Posted January 14, 2013 in Crime Your Personal Rights by

Cell phone on a background of $100

iStockphoto/Thinkstock

There’s no upside to having your property confiscated by the police, but you should at least be able to trust them to keep track of your belongings. And thanks to a recent decision from the 8th U.S. Circuit Court of Appeals, if the cops lose your stuff, you’re allowed to file a claim for the fair market value of the items.

The appeals court decision is a victory for Robert Lee Bailey, who has been to court numerous times in pursuit of a wallet, cell phone and wad of cash that were confiscated by Minneapolis police nearly a decade ago.

Minneapolis cops seized the items when they arrested Bailey on prostitution charges in 2003. The next year, Bailey was convicted in federal court on two counts of transporting a person across state lines for prostitution and one count of possessing a firearm as a felon. After he lost his appeal, he filed a motion to have his wallet, cash and phone returned under Rule 41 of the Federal Rules of Criminal Procedure.

Under Rule 41, a person “aggrieved by an unlawful search and seizure” or “deprivation of property” has the right to ask for the property to be returned, and the court is required to “receive evidence on any factual issue necessary to decide the motion.”

 

No, No, No

Bailey’s evidentiary hearing wouldn’t come quickly. The district court denied his first motion, arguing that he hadn’t exhausted his post-conviction remedies. So after all of his claims for relief were finally denied, he filed the motion again. And again the district court denied it, this time citing a statement from federal authorities that the property had already been returned to the Minneapolis police.

Matthew G. Kaiser

Bailey appealed, and the appeals court decided that the district court should have ordered a hearing to track down the property’s whereabouts. When that hearing finally took place, no one could account for Bailey’s property; staff from the U.S. Attorney’s office said they handed everything over to Minneapolis detective Andrew Schmidt, and Schmidt said he couldn’t remember ever picking it up. The Minneapolis police conducted a search of their evidence locker and Bailey’s stuff didn’t turn up.

At the end of the hearing, federal attorneys moved to dismiss the motion, saying they couldn’t return what they didn’t have. Bailey’s attorney asked the court to convert the motion into a civil damages claim against the government, but the court dismissed the motion yet again, finding that it had “completed [its] assigned responsibility by the remand” from the appeals court, in essence washing its hands of the matter.

“One has the sense that the district court was not enthusiastic about this case,” wrote Washington D.C. attorney Matthew G. Kaiser in a blog post about the decision.

 

Just One More Appeal

Keeping this courtroom volley in play, Bailey appealed again, and again the 8th Circuit reversed the district court. This time, it cited a 2001 case in which the federal government accidentally threw away a defendant’s pickup truck and waterbed, and the defendant was granted a claim for the fair market value of the items. It found that the district court abused its discretion in denying Bailey’s request to convert the motion to a damages claim. The court’s decision means that Bailey can bring a civil suit against the government for repayment of the $2000 he had on him when he was arrested, as well as the current market value of his other property. It’s doubtful that his now 10-year-old cell phone will garner much in the way of reparations.

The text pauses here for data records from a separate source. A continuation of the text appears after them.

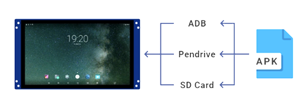 通过U盘或SD卡复制软件包 (APK) 并使用 Android 本机安装程序,或通过USB和ADB将显示器连接到电脑,然后一键安装。
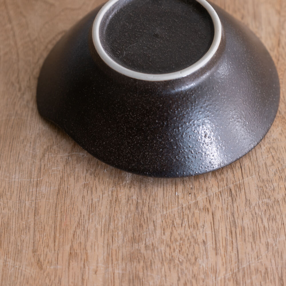 外側には、しっとりとした黒マットの釉薬が施され、手に心地よくフィットします。無骨すぎず、品のある仕上がりで、盛り付けた料理に深みを与えます。
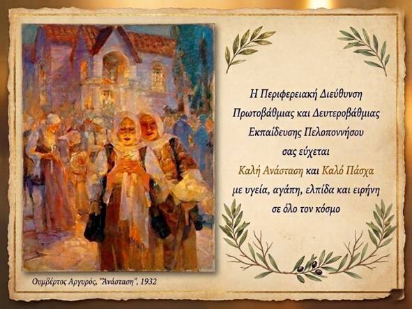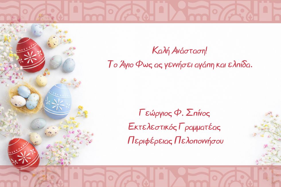 Είθε η φετινή Ανάσταση του Κυρίου, να οδηγήσει τους Έλληνες στην «Ανάσταση» των ιδανικών και των αξιών τους, θέτοντας ένα τέλος στο σκοτάδι της αδικίας και της εκμετάλλευσης !
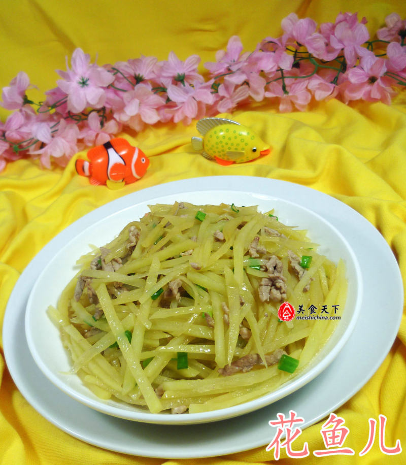 1:食材:土豆(已洗净去皮)、瘦肉(已切成丝)、葱花

Though the question of where Bailey’s belongings went may never be answered, his case may help make sure that a defendant’s property can’t simply fall between the cracks of the criminal justice system.

“It’ll encourage police to keep better track of criminal property while it’s in police custody and prevent loss and theft, which maintains the integrity of the system,” said New York City attorney Allison Hobbs.